On the face of it, Canada Water seems a straightforward construction task on a greenfield site. In reality it is complicated by being right next to a dock and two 22 storey tower blocks.
But the biggest technical challenge for contractor Tarmac - originally Wimpey until the two firms swapped assets in 1995 - while building the 22m deep, 22m wide by 130m box, was accommodating the live East London Line as it passed directly through the station 10m below ground level.
The excavation began inside the anchored and propped secant piled box while trains continued to run, but the extended closure of the East London Line to refurbish the adjacent Thames Tunnel allowed the new bridge carrying the line through the station to be built in peace.
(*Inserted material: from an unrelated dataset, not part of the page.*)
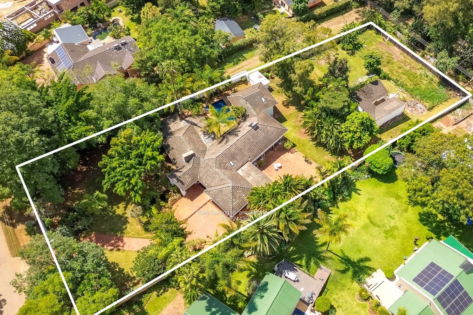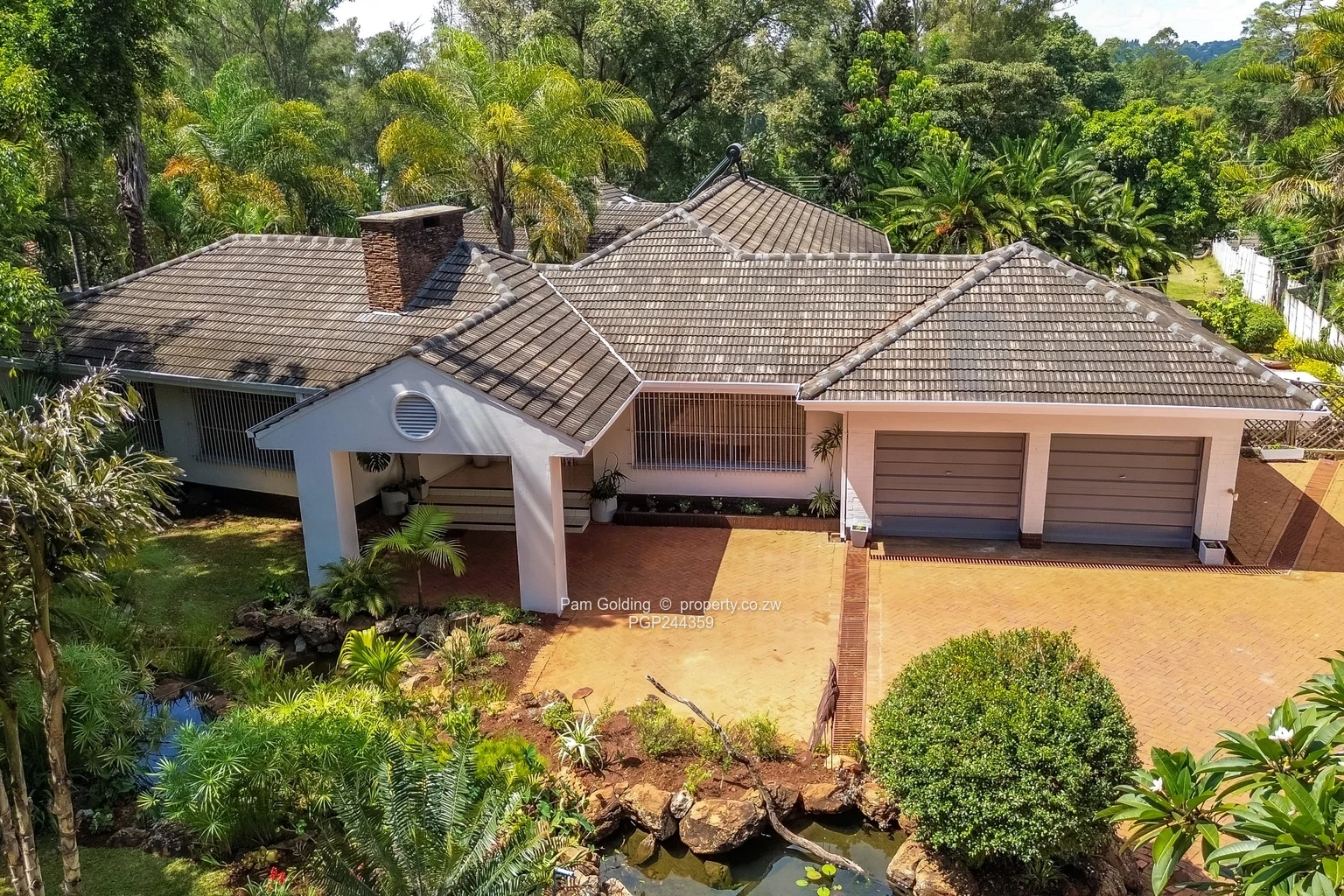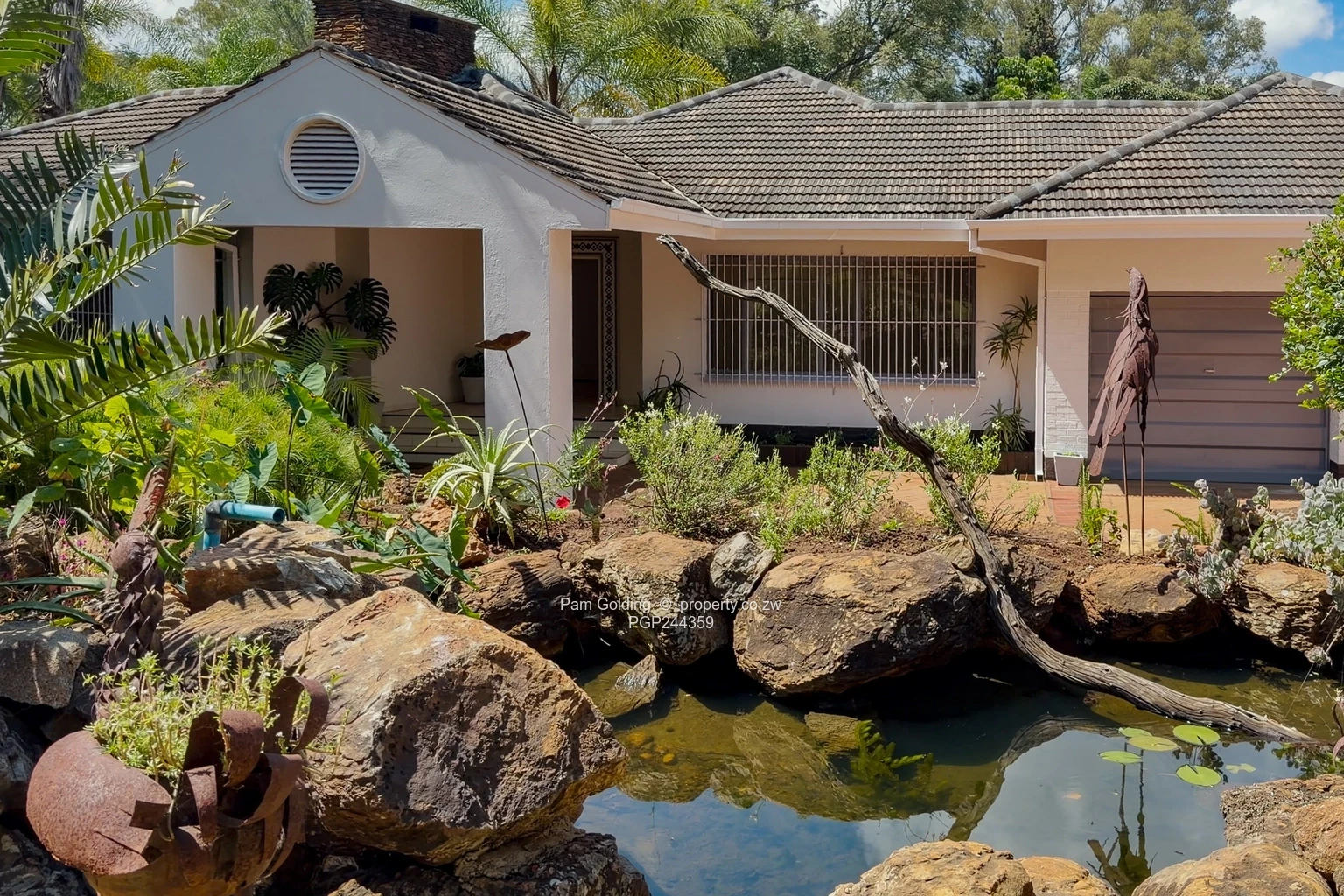 Outdoors, the property continues to impress with a spacious front yard and backyard set within an established garden, complete with charming ponds that enhance its tranquil atmosphere. Additional features include staff quarters, double lock up garage, an outside storeroom, and extra accommodation with its own en suite

This also meant that the permanent enclosure for the railway could be built while excavation continued below.
But while the programme was getting help at one end of the box it was slowed at the other. Tunnelling delays on the adjacent contract meant that to save time the boring machines had to be lifted out at Canada Water and returned east to restart tunnelling at Durands Wharf rather than be dismantled. As a result Tarmac had to stop work on the eastern end of the station for three months while it waited for the TBMs to arrive.
Problems remained after the civils work finished, as many of the electrical and mechanical details had to be redesigned when the original architect Herron Associates pulled off the job. Joint venture consultant Benaim- Works was drafted in on site to work with the contractors to get the job done.
Work was also held up late in the job to allow sections of track to be lowered into the station tunnels and fixed by hand. But this saved time overall, as it allowed associated fit out work to continue ahead of the system-wide track laying contractor.